2. No Separate Line Trunk Signaling
Today touchtone or DTMF signaling is used on the line side of a voice switch and SS7 on the trunk side. Why? When DTMF was invented (1960), digital circuitry was expensive, thus phones had limited functionality. Also fraud-control tools were minimal, so you had to protect the billing activation signaling system. Looking ahead, not only will the next generation phones transmit voice and data in IP packets, but also include the features of today's voice-based intelligent network infrastructure (packet switches or STPs, databases or SCPs, and service creation interfaces or SCEs). The next generation large-user networks will look more and more like today's carrier networks. Bottom line, SS8 will handle access signaling to and between switches, furthermore no separate access signaling protocol will be needed.
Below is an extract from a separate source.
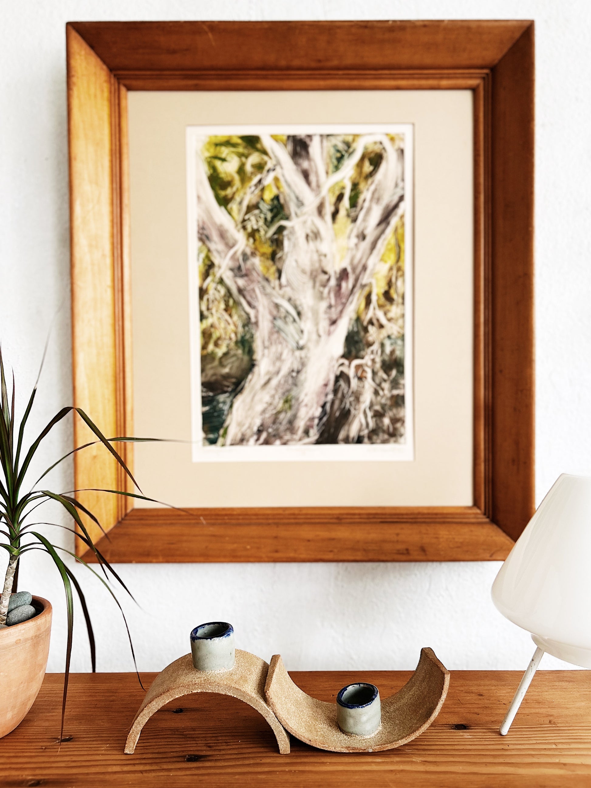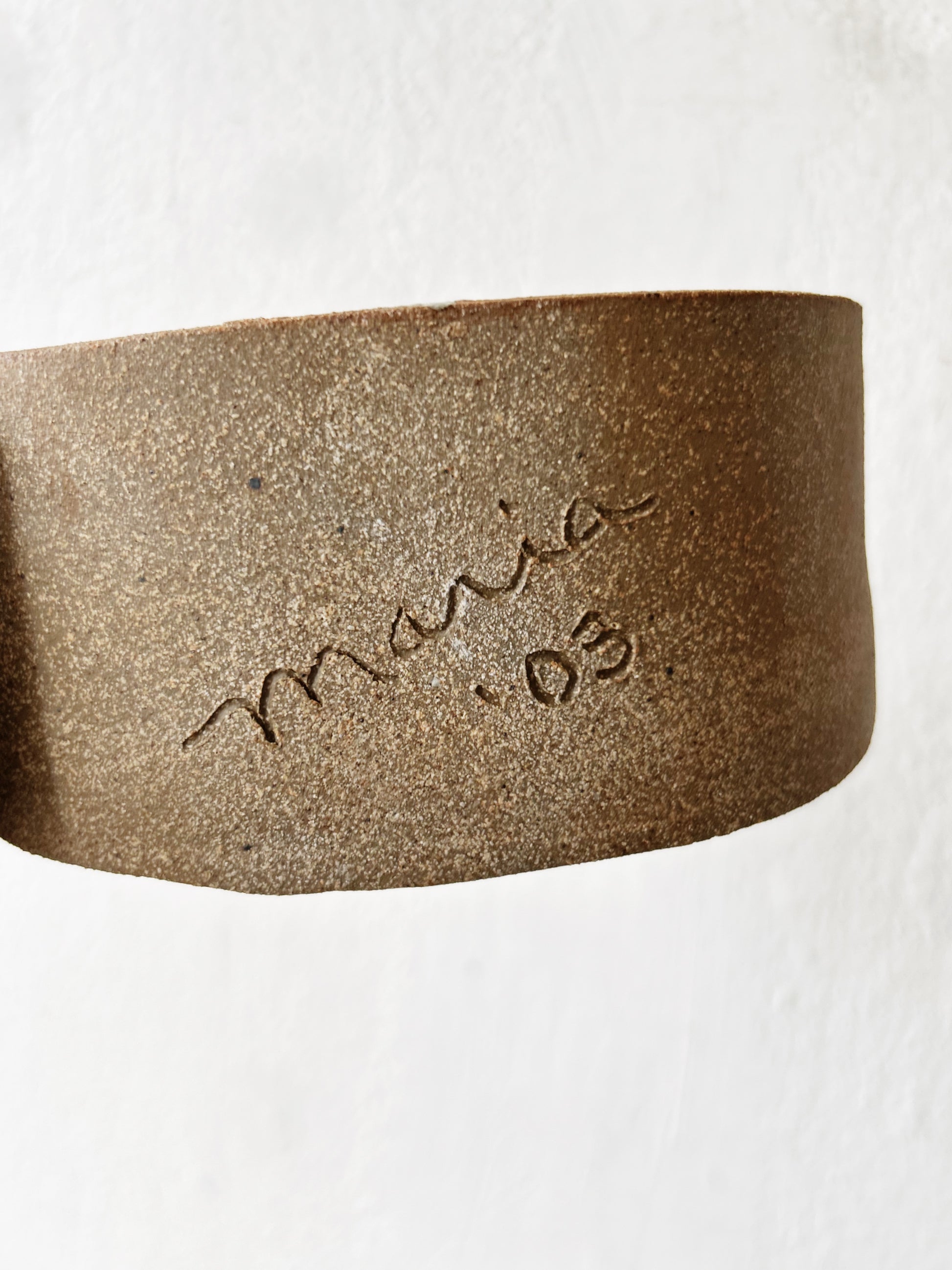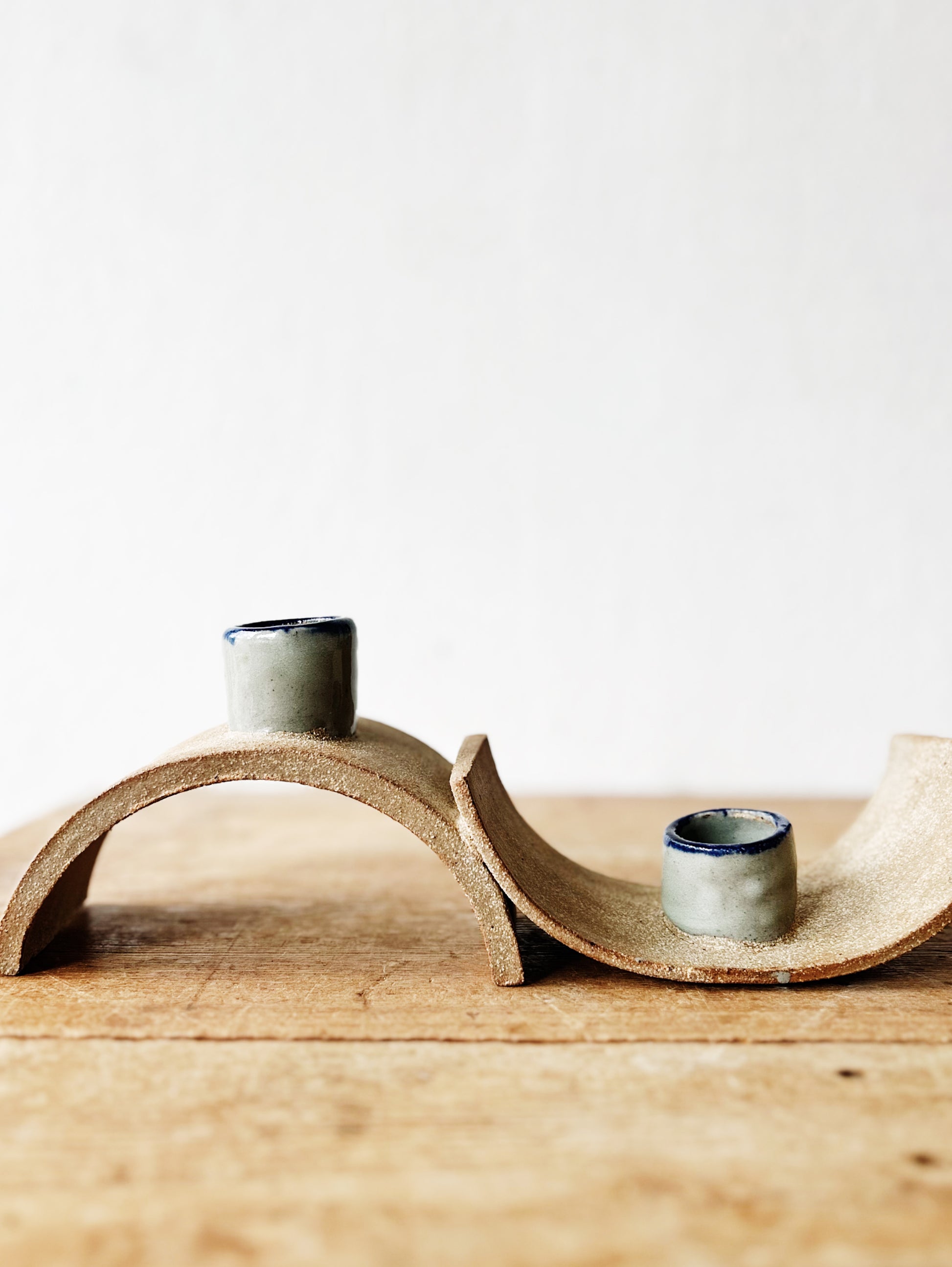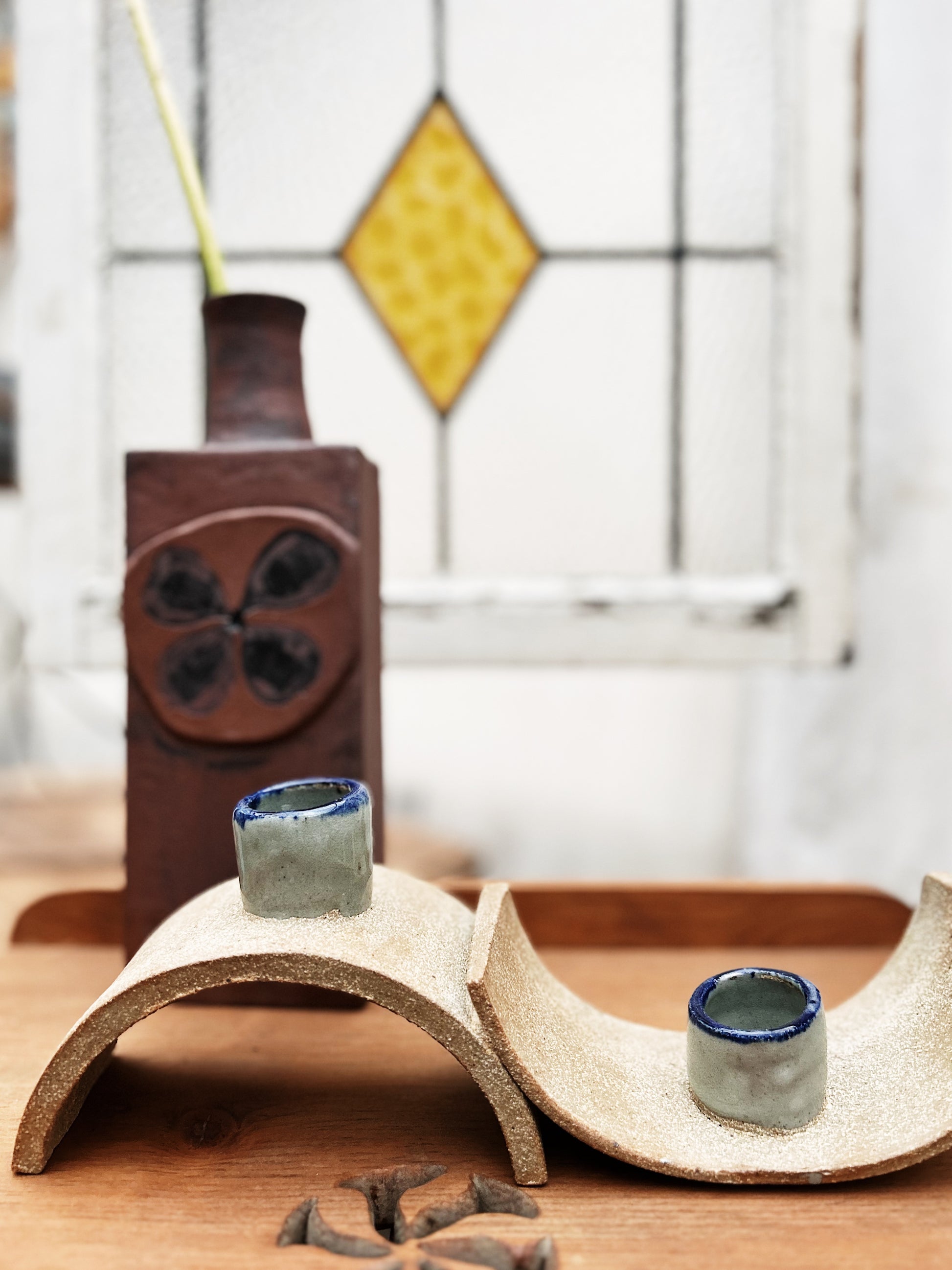Slab built ceramic candelabra. Takes a nice chunky candle somewhere between a taper and a pillar. Really nicely made. Signed dated

3. Microsoft NT or Sun Java Based
Either Microsoft or Sun (or both) and their respective partners will probably determine what the next generation phone is going to look like in the brave new world of SS8. Microsoft is making a big push in telecommunications (see Ed Finegold p. 18) and obviously would like to dominate the communications platform market. (Consider this: when was the last time Bill Gates started something new on a small scale, or for that matter failed at something?) Microsoft has a vision of a programmable network and probably a vision about what SS8 should look like as well. On the other hand, Sun has not been ignoring next-generation telecom networks with its focus on Java network computing and legacy telephone system access (see Billing World, October 1997). Lots of today's billing and customer care vendors support Sun in its goal to get Java to the desktop.

Before specifying and standardizing SS8, there must be at least a partial industry consensus, on what the standards should be, and the consensus has to come from the computer side as well as the telecommunications side of the table.

Finally, where will SS8 first appear? Will it be proprietary? Will it come from a forum or as a government-sanctioned standard? Here's how I see SS8 surfacing. Whatever telecommunications carrier lands a set of big multinational customers with its VoIP, Intranet offering and a desktop network computer solution will create a network model for other IP carriers. Alternatively, an IP carrier who lands a major industry consortium with an extranet offering-such as for the auto industry with all their suppliers on one IP network-will also be in a good position to define SS8 for the world. Regardless, SS8 will be created to support private networks carrying voice, data and video over IP technology, then public network SS8 will follow.

The good news for the Billing World reader is that no matter what SS8 looks like, next-generation networks will need new or upgraded billing, customer care and OSSs. We will keep you posted on the road to SS8.